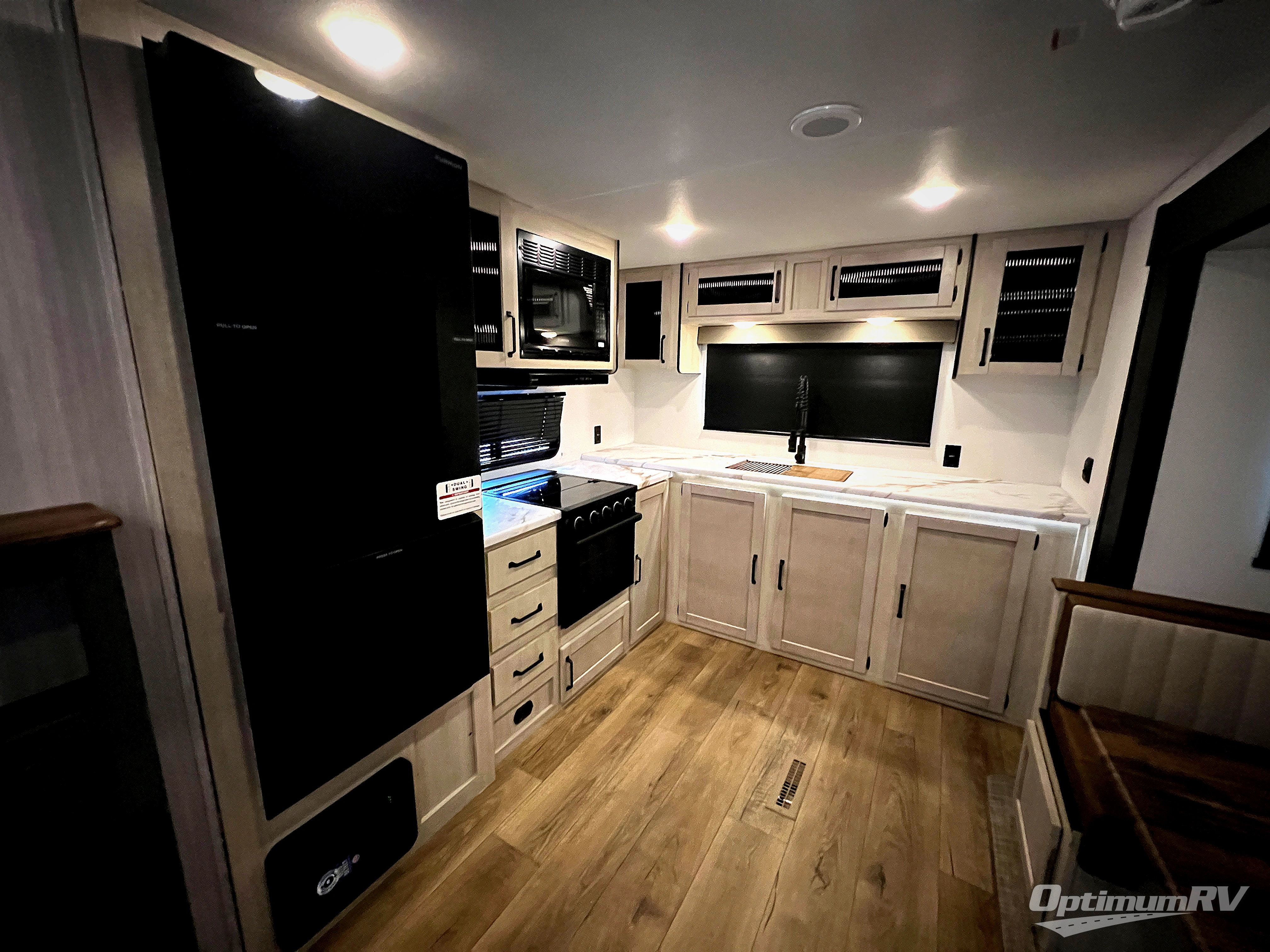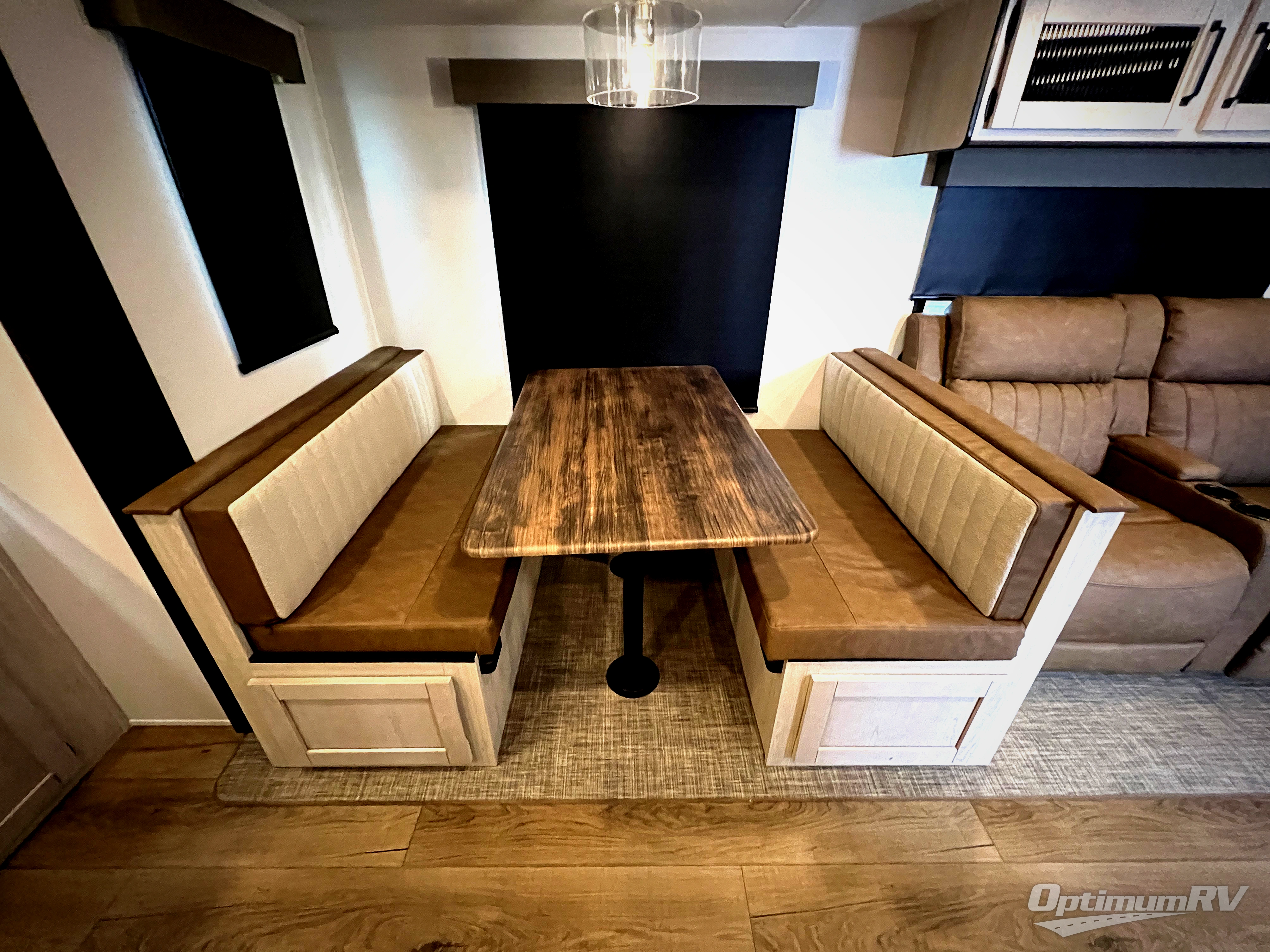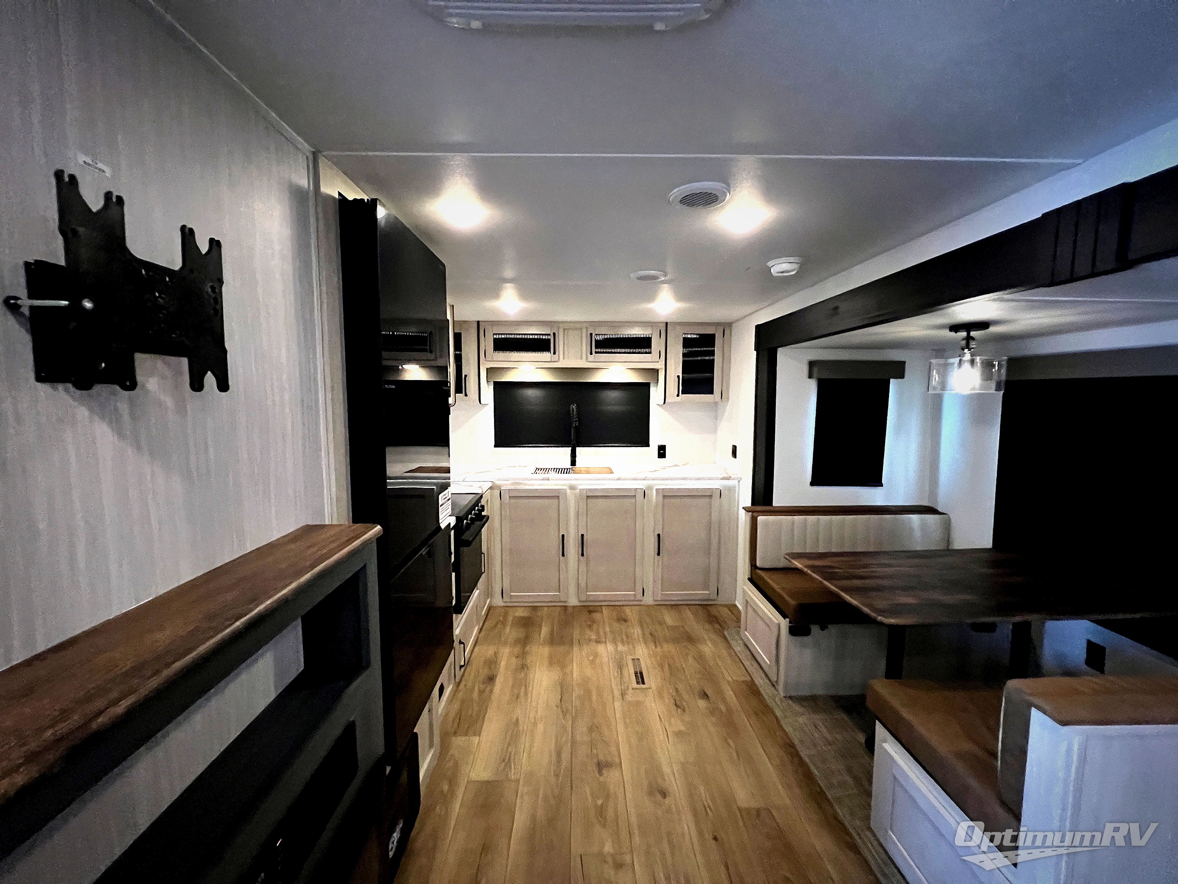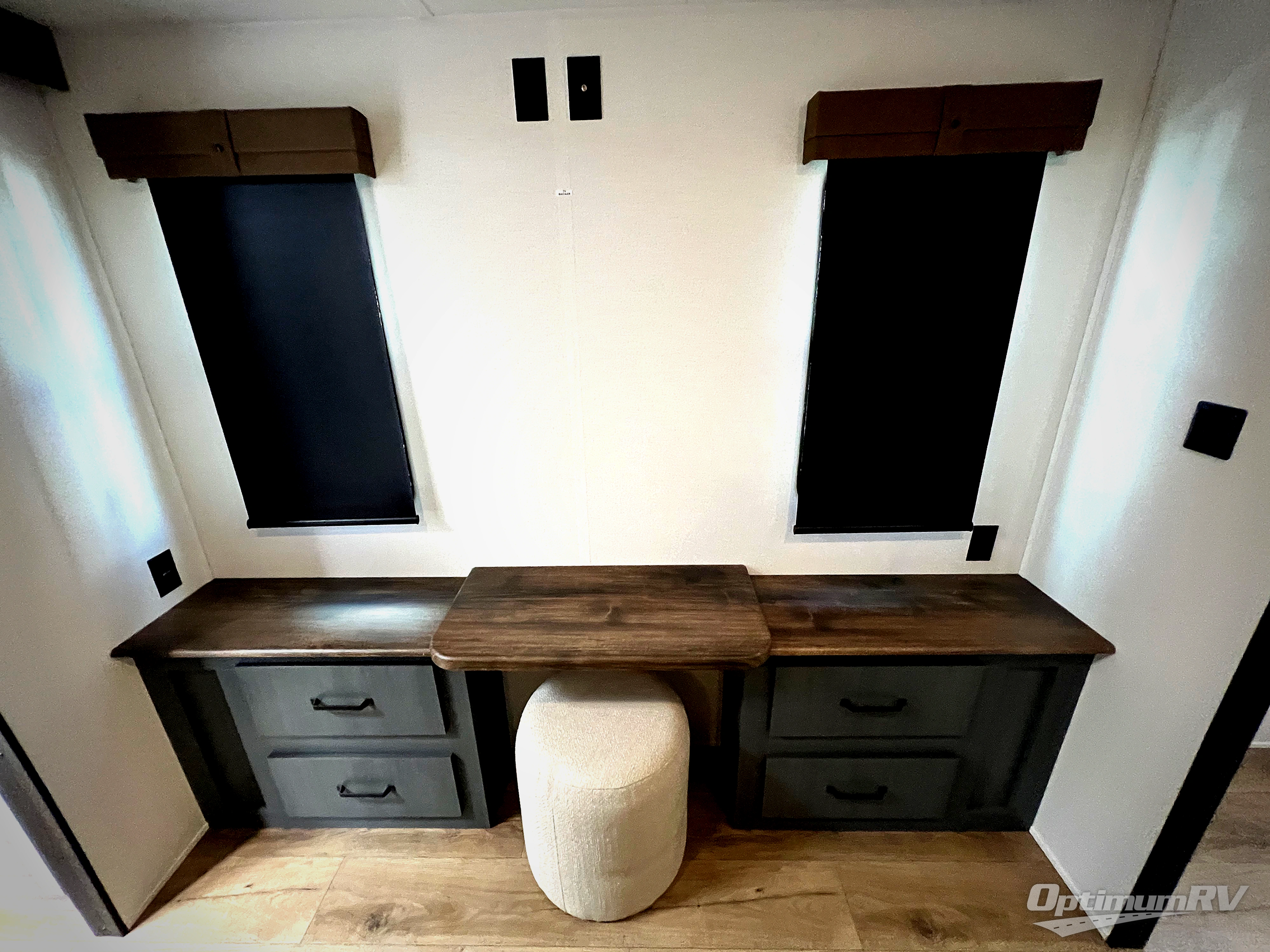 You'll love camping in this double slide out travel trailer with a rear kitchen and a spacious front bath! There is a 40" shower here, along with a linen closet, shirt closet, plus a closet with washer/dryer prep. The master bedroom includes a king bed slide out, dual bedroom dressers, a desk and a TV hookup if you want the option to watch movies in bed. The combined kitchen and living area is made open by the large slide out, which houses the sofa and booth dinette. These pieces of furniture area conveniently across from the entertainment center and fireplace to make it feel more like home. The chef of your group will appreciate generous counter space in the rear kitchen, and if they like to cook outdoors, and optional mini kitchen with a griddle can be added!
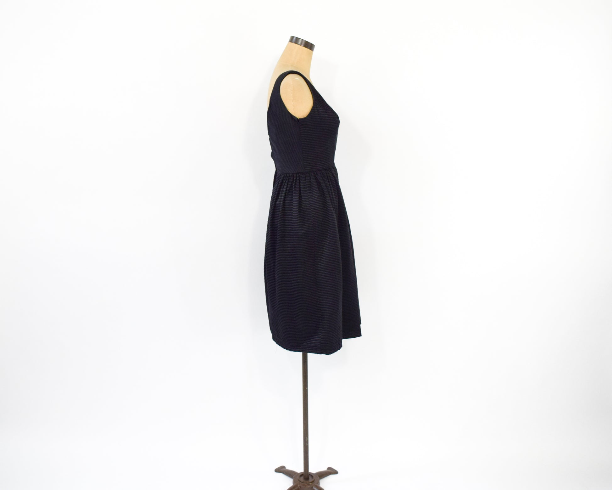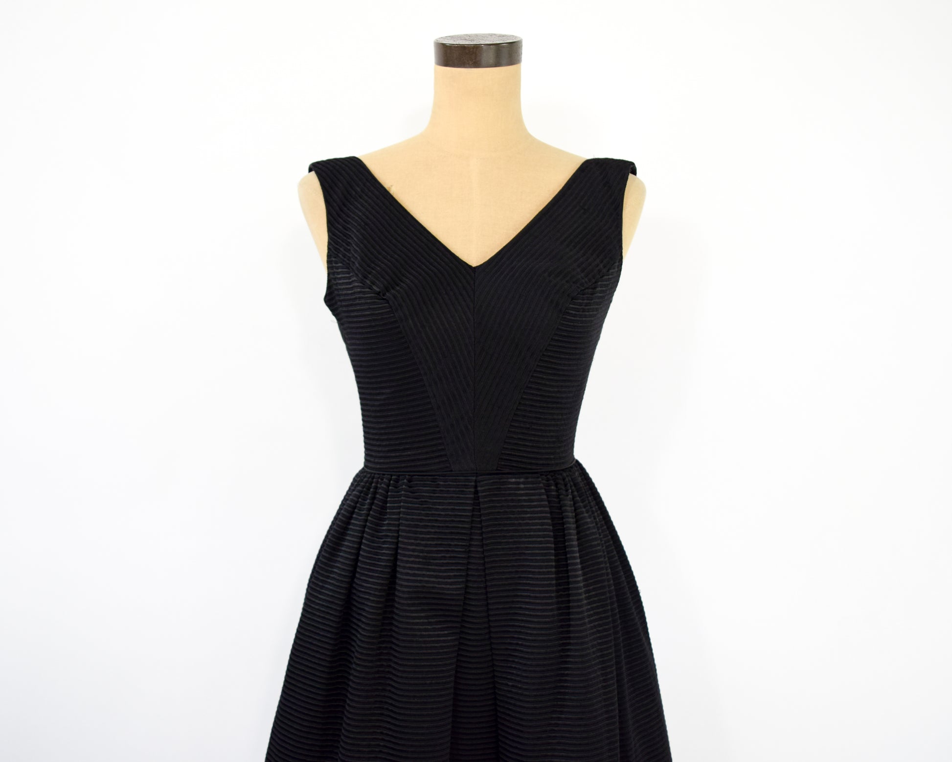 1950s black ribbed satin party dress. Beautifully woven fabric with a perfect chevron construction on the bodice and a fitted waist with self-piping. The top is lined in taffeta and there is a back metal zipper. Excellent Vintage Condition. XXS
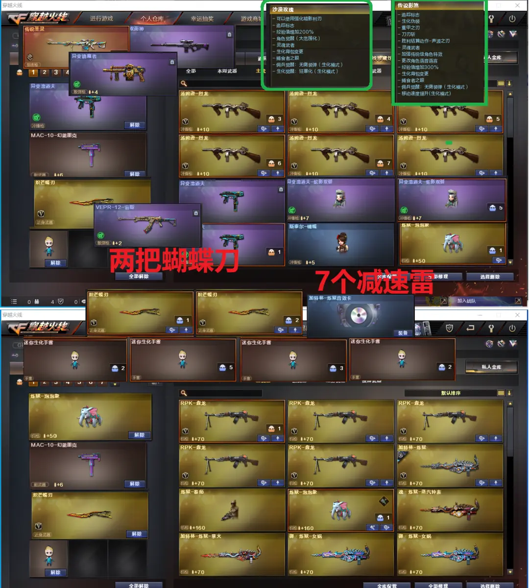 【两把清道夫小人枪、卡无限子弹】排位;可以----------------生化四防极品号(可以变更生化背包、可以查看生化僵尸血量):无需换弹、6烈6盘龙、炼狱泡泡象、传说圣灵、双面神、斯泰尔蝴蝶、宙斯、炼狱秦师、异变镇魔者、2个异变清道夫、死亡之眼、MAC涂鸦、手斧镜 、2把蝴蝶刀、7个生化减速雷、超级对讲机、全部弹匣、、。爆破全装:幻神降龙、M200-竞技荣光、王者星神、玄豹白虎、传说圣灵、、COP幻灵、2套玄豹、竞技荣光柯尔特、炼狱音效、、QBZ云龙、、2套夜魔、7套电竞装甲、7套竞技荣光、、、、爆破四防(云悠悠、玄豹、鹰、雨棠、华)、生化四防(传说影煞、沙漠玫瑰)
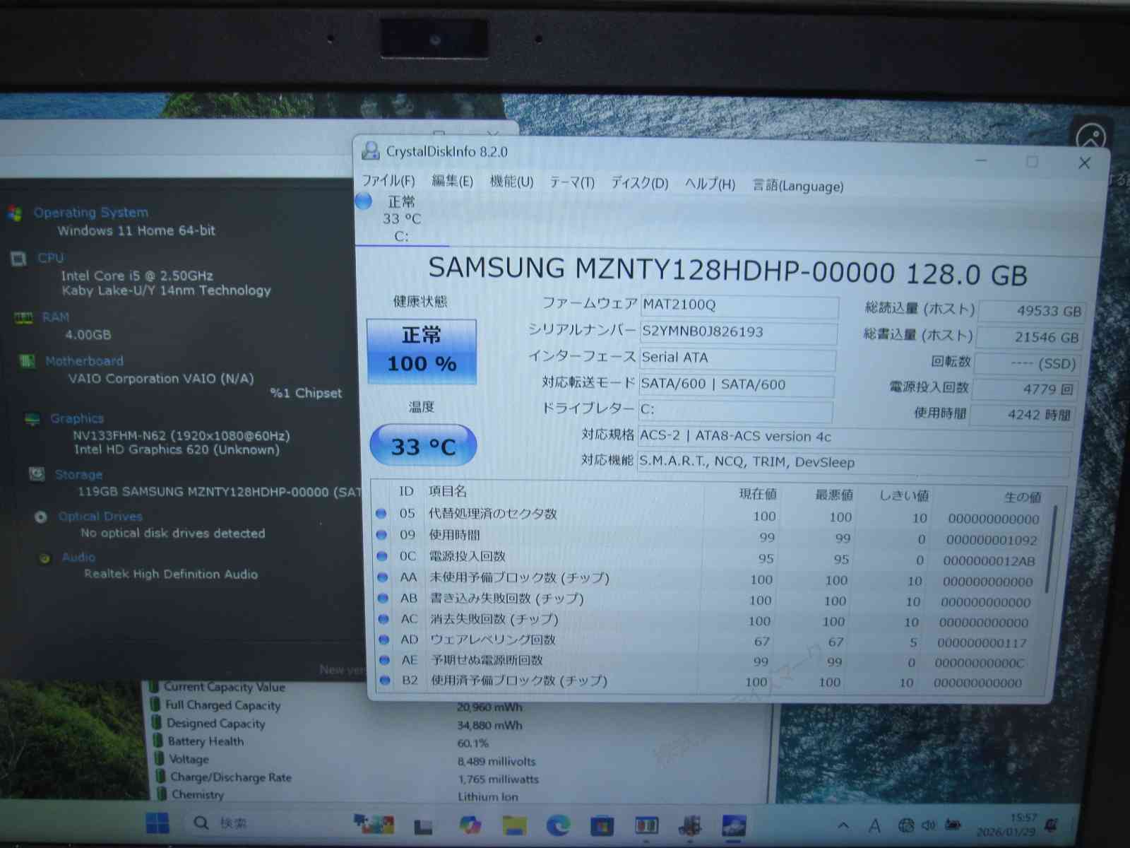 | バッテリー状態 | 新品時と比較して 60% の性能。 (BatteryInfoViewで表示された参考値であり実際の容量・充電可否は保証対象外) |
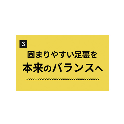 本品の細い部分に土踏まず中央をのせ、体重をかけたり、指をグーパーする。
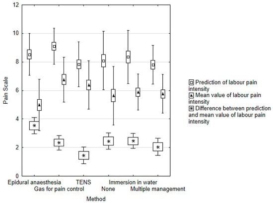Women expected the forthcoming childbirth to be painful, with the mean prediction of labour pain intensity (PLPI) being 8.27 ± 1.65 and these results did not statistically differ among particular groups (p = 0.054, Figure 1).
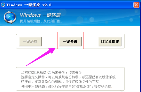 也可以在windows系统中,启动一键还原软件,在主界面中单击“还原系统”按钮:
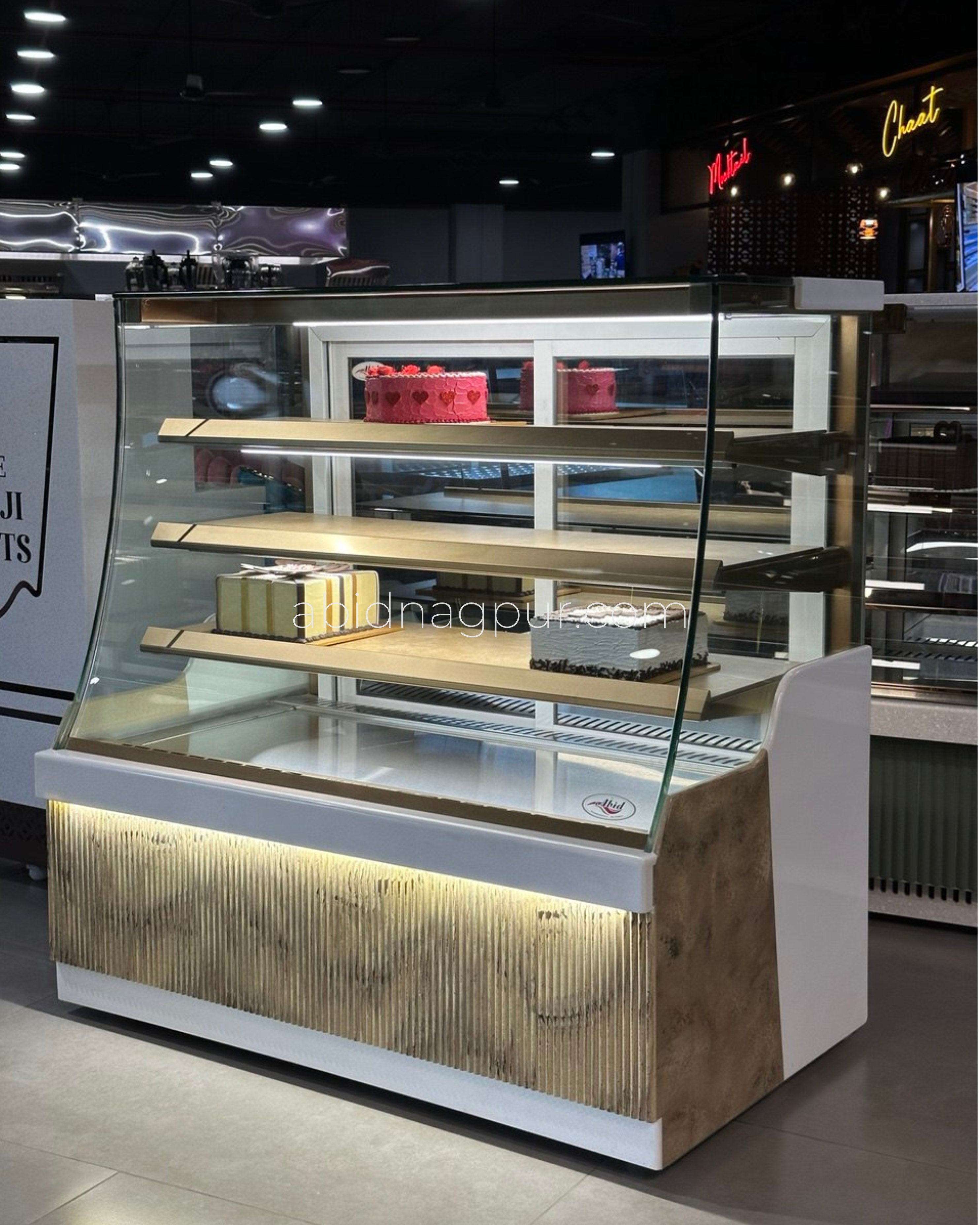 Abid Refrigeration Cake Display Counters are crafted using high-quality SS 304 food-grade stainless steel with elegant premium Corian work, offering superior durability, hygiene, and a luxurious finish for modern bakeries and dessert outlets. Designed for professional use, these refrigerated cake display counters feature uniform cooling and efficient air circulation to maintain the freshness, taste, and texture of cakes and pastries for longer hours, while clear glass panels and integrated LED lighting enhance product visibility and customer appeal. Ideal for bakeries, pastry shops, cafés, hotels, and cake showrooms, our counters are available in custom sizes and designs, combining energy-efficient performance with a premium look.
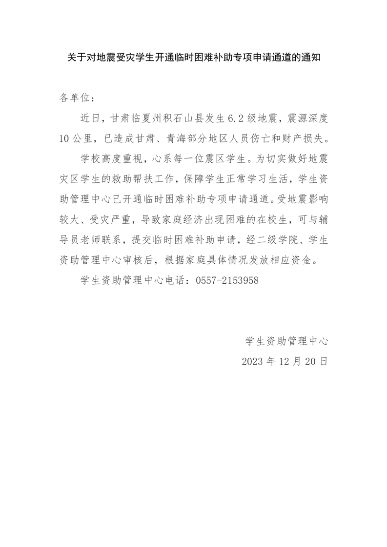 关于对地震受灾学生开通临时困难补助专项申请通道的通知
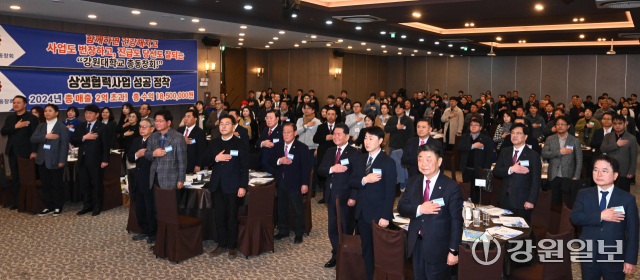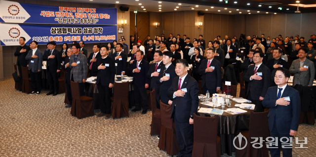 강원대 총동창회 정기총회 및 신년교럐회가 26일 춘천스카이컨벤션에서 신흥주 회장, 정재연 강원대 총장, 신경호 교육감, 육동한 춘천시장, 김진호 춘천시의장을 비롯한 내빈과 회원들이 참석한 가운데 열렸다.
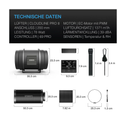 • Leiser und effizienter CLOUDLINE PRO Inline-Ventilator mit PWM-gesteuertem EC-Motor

^^^^^^^^^^^^^^^^

• What to produce
Only one thing is required here: an exact copy of the lines from the one bearing "关于对地震受灾学生开通临时困难补助专项申请通道的通知" through the final line above, both included, with pictures left out.

• Your solution
 关于对地震受灾学生开通临时困难补助专项申请通道的通知
 강원대 총동창회 정기총회 및 신년교럐회가 26일 춘천스카이컨벤션에서 신흥주 회장, 정재연 강원대 총장, 신경호 교육감, 육동한 춘천시장, 김진호 춘천시의장을 비롯한 내빈과 회원들이 참석한 가운데 열렸다.
 • Leiser und effizienter CLOUDLINE PRO Inline-Ventilator mit PWM-gesteuertem EC-Motor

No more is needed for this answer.